The problem: The response should consist only of the lines from the one with "シフォンとニットの異素材ミックスの長袖トップス。" to the end of the data below, copied exactly and without pictures.

START Source data

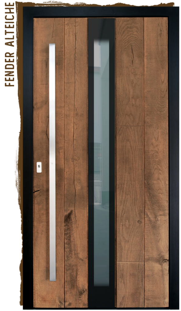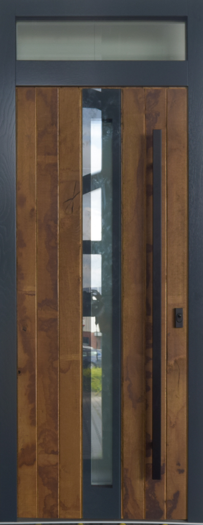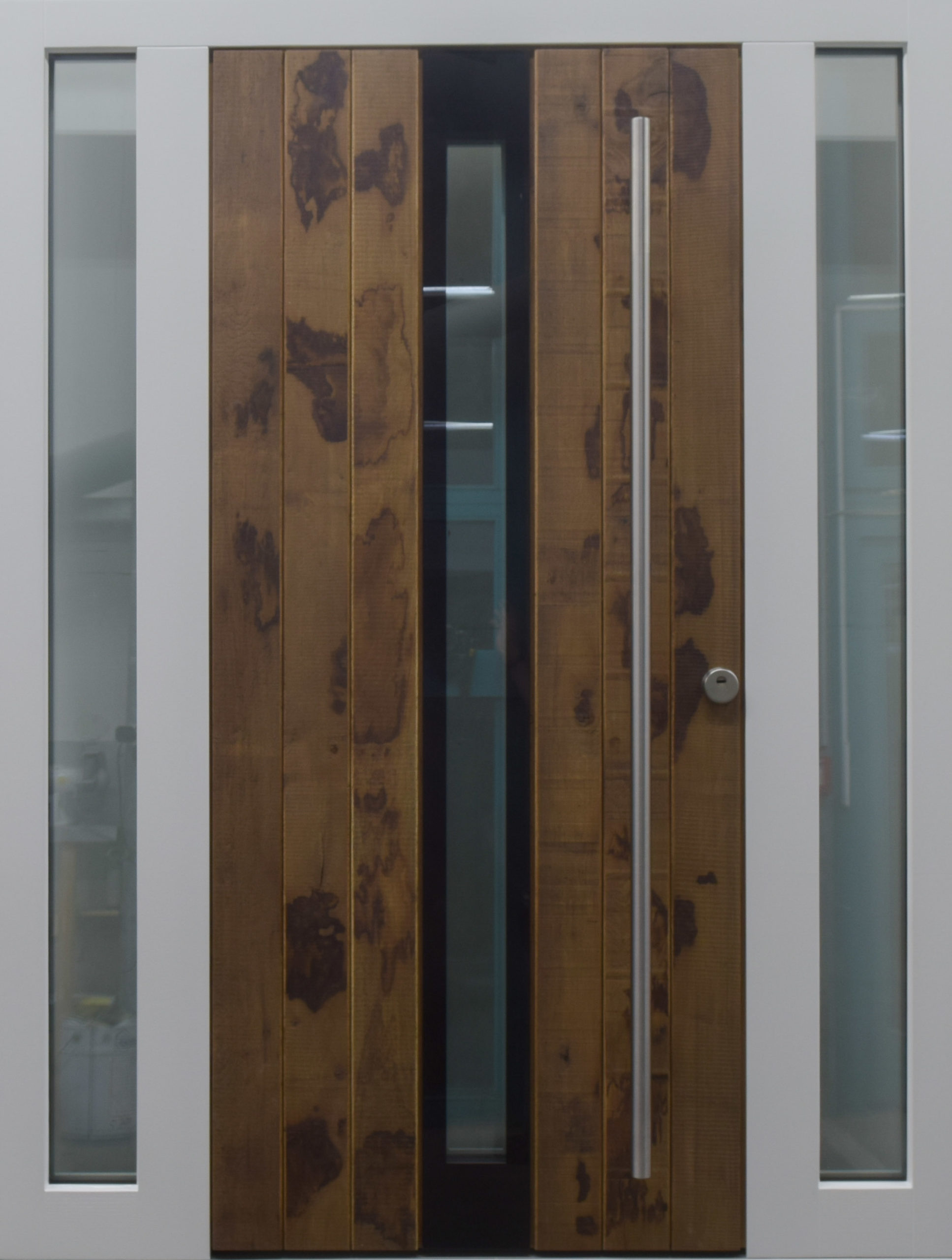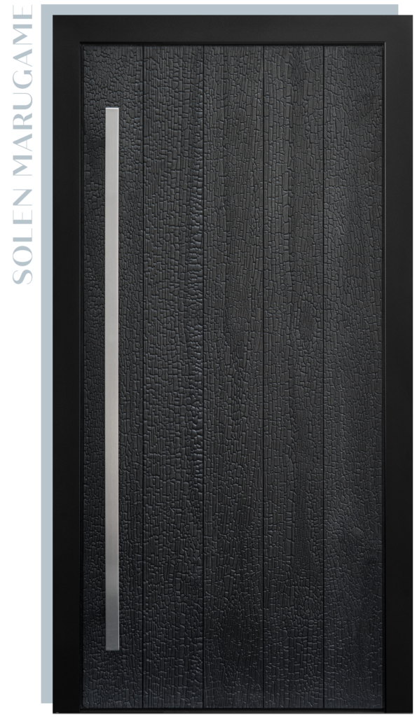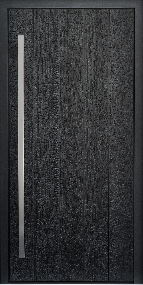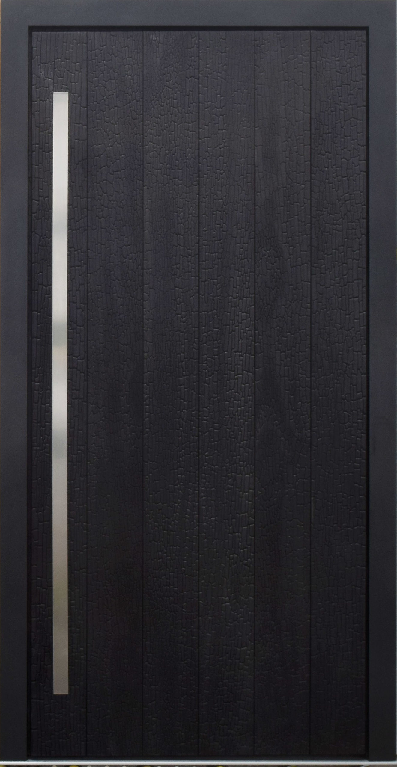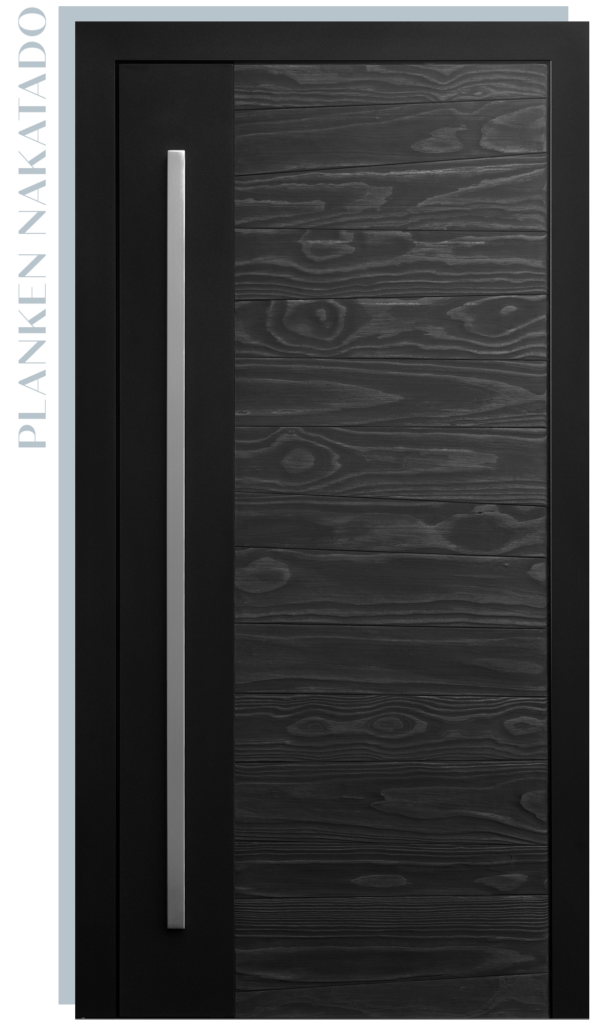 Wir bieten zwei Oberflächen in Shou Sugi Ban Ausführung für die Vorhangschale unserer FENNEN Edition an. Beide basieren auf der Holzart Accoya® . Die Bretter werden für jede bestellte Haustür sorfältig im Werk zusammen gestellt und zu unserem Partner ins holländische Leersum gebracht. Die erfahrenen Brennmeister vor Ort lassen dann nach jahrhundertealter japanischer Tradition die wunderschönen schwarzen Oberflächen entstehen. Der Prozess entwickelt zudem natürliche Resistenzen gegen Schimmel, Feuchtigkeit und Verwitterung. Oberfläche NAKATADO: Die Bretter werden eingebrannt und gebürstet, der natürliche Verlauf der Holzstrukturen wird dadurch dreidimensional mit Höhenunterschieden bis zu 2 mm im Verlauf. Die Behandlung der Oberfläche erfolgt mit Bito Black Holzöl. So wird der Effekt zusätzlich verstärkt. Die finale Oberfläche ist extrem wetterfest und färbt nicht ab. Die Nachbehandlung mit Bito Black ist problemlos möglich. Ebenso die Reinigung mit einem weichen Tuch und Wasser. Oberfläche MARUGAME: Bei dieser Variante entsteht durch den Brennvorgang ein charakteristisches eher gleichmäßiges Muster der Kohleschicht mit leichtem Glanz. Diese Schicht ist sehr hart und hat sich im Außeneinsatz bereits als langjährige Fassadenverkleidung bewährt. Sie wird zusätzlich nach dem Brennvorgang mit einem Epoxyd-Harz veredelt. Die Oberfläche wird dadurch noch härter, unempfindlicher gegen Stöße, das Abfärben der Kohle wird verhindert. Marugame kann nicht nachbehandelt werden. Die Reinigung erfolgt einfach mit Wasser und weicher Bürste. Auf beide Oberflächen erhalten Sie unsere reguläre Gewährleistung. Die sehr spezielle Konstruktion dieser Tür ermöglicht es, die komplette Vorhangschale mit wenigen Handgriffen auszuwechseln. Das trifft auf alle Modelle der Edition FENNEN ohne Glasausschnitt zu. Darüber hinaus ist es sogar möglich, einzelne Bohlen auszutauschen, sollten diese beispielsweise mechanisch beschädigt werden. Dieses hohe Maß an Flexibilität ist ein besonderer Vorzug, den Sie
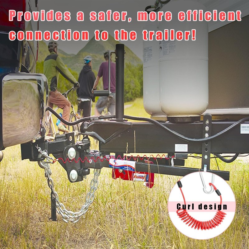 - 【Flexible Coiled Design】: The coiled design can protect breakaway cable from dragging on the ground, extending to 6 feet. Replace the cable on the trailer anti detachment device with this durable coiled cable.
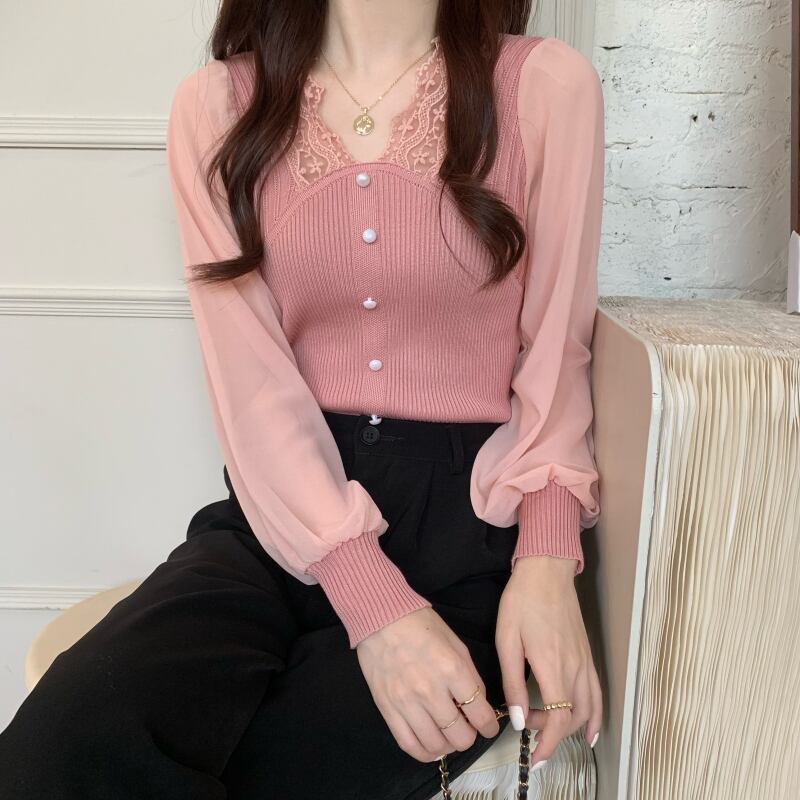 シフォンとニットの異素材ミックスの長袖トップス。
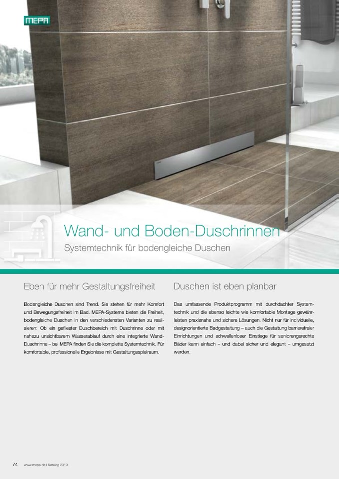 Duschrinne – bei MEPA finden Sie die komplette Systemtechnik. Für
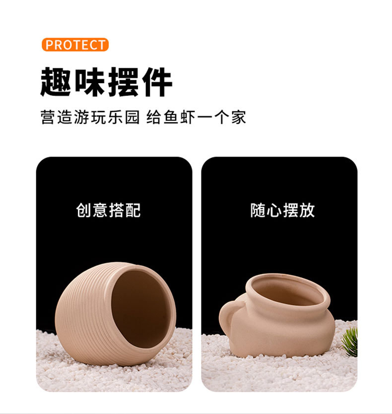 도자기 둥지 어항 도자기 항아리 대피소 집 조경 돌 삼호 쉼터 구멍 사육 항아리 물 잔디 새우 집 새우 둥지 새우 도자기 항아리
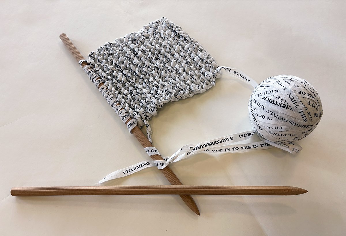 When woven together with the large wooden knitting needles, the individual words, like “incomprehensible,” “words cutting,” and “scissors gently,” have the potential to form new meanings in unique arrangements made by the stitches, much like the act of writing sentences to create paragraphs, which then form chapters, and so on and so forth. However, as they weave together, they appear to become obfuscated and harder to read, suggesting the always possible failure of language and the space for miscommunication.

END Source data

Exercise result:
 シフォンとニットの異素材ミックスの長袖トップス。
 Duschrinne – bei MEPA finden Sie die komplette Systemtechnik. Für
 도자기 둥지 어항 도자기 항아리 대피소 집 조경 돌 삼호 쉼터 구멍 사육 항아리 물 잔디 새우 집 새우 둥지 새우 도자기 항아리
 When woven together with the large wooden knitting needles, the individual words, like “incomprehensible,” “words cutting,” and “scissors gently,” have the potential to form new meanings in unique arrangements made by the stitches, much like the act of writing sentences to create paragraphs, which then form chapters, and so on and so forth. However, as they weave together, they appear to become obfuscated and harder to read, suggesting the always possible failure of language and the space for miscommunication.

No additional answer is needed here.